Wen Xiaoming 温小明

Personal information
- Date of birth: April 8, 1979 (age 46)
- Place of birth: Guangzhou, China
- Height: 1.76 m (5 ft 9 in)
- Position(s): striker

Senior career*
- Years: Team / Apps / (Gls)
- 1999–2000: Guangzhou Songri / 40 / (4)
- 2001–2008: Guangzhou Pharmaceutical /  / (24)

= Wen Xiaoming =

Chinese footballer (born 1979)

Wen Xiaoming (温小明 (Wēn Xiǎomíng); Mandarin pronunciation: ; born April 8, 1979) is a Chinese former footballer who predominantly played for Guangzhou Pharmaceutical.
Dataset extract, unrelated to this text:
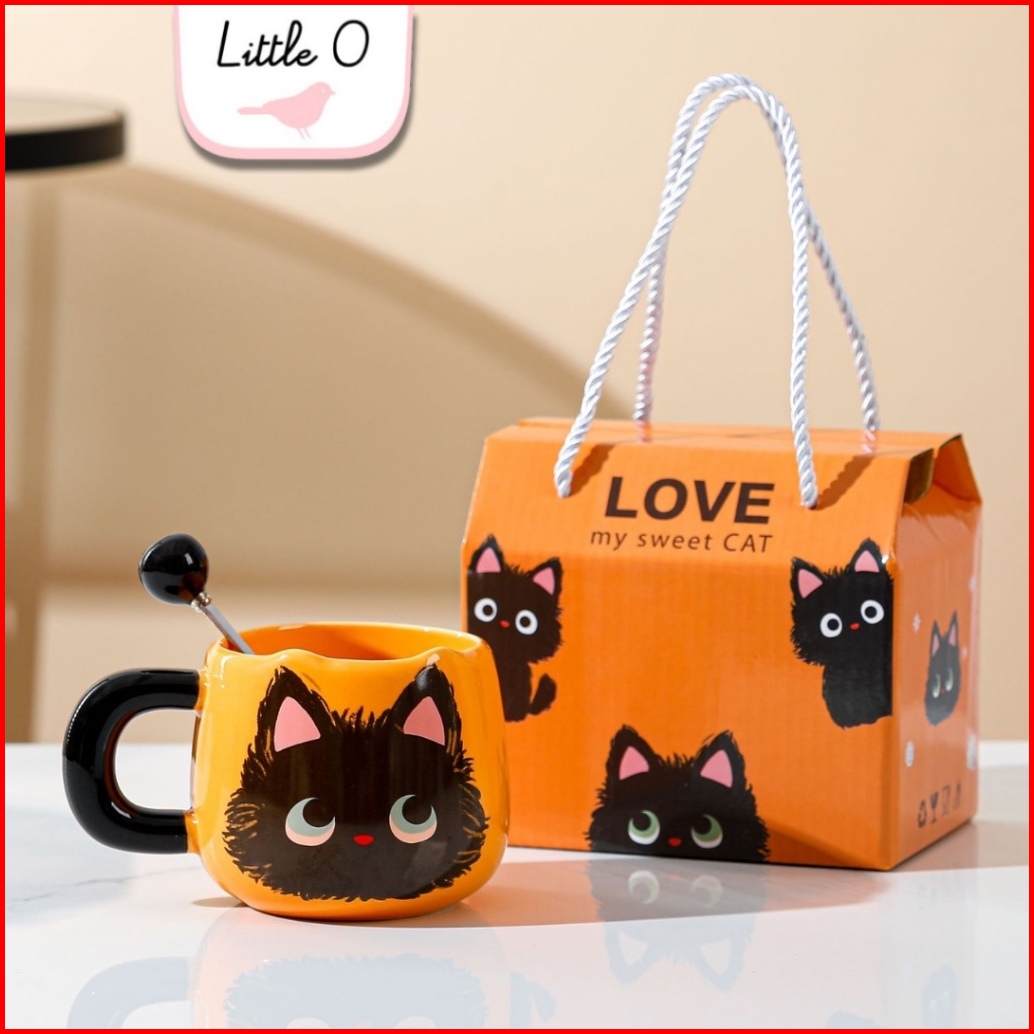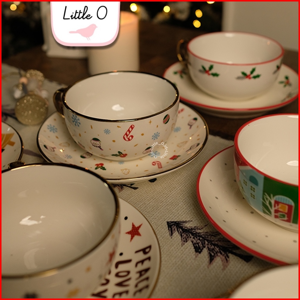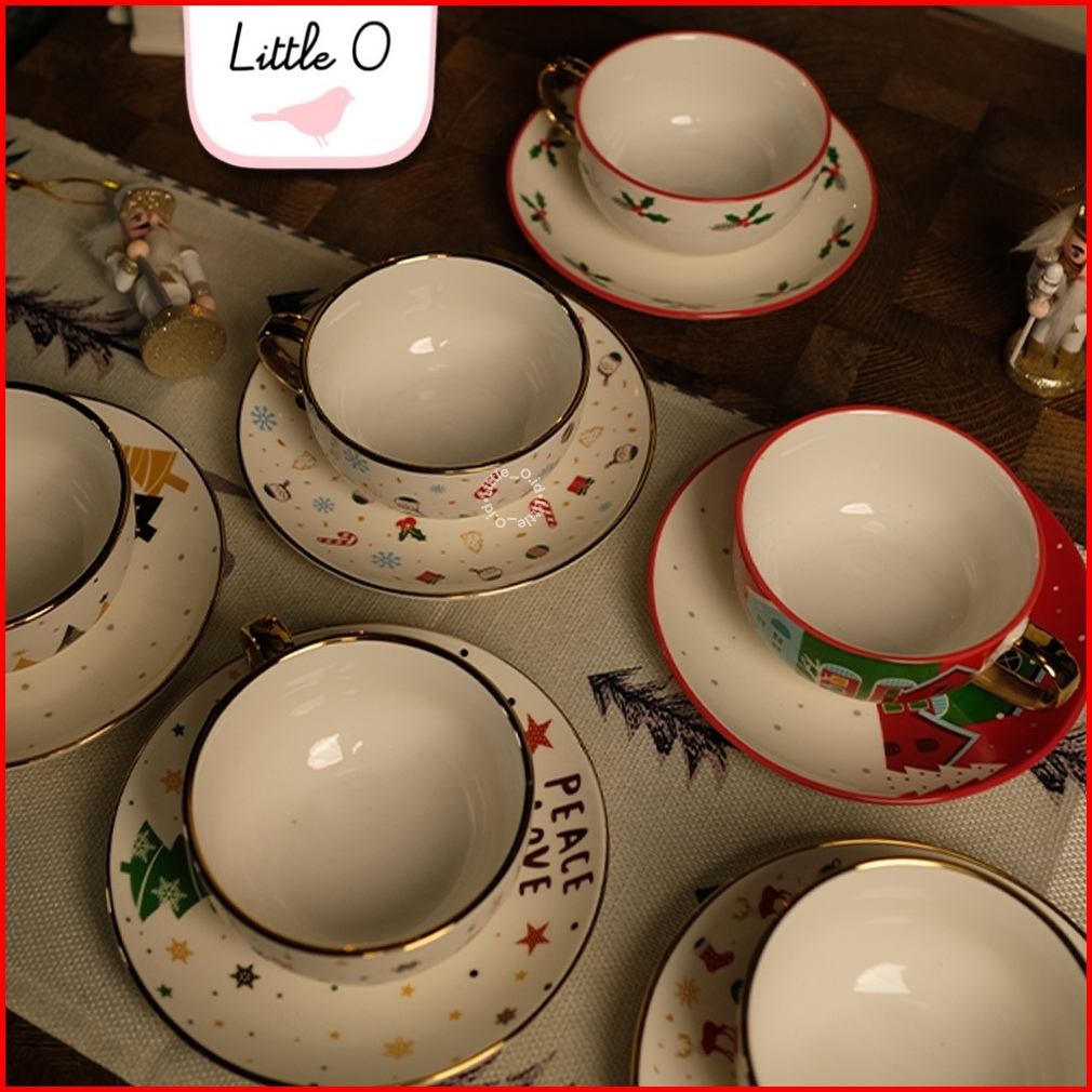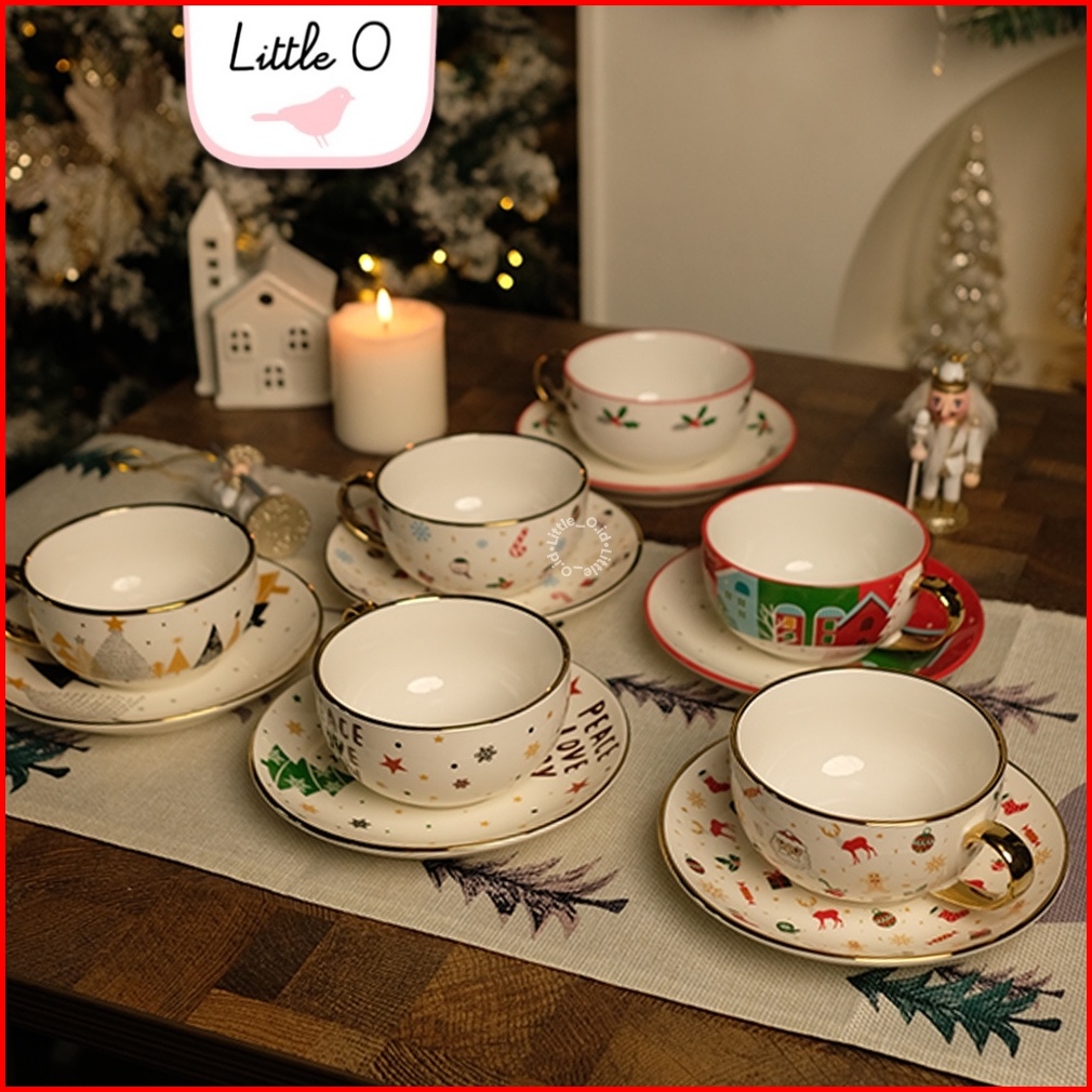 Little O Free Sleeve Mug Christmas Porcelain Mug Cangkir Natal Mug Souvenir Xmas Ceramic Set Tea Spoon New Cat Mug Hampe

After eight years at the club he retired at the end of season 2008 because of a knee injury.

==Club career==
Wen Xiaoming started his career with top tier club Guangzhou Songri; however in his debut season he was part of the team that saw the club relegated at the end of the 1999 Chinese league campaign. While he remained with the team he was unable to aid them win promotion and the club dissolved at the end of the season due to financial reasons. Wen would then move to local rivals Guangzhou Pharmaceutical where he went on to establish himself as regular within the team and was part of the squad that won the 2007 division title and promotion into the top tier. His return to the top tier, however did not last very long and he sustained a knee injury during the 2008 league campaign which forced him to retire at the end of the season.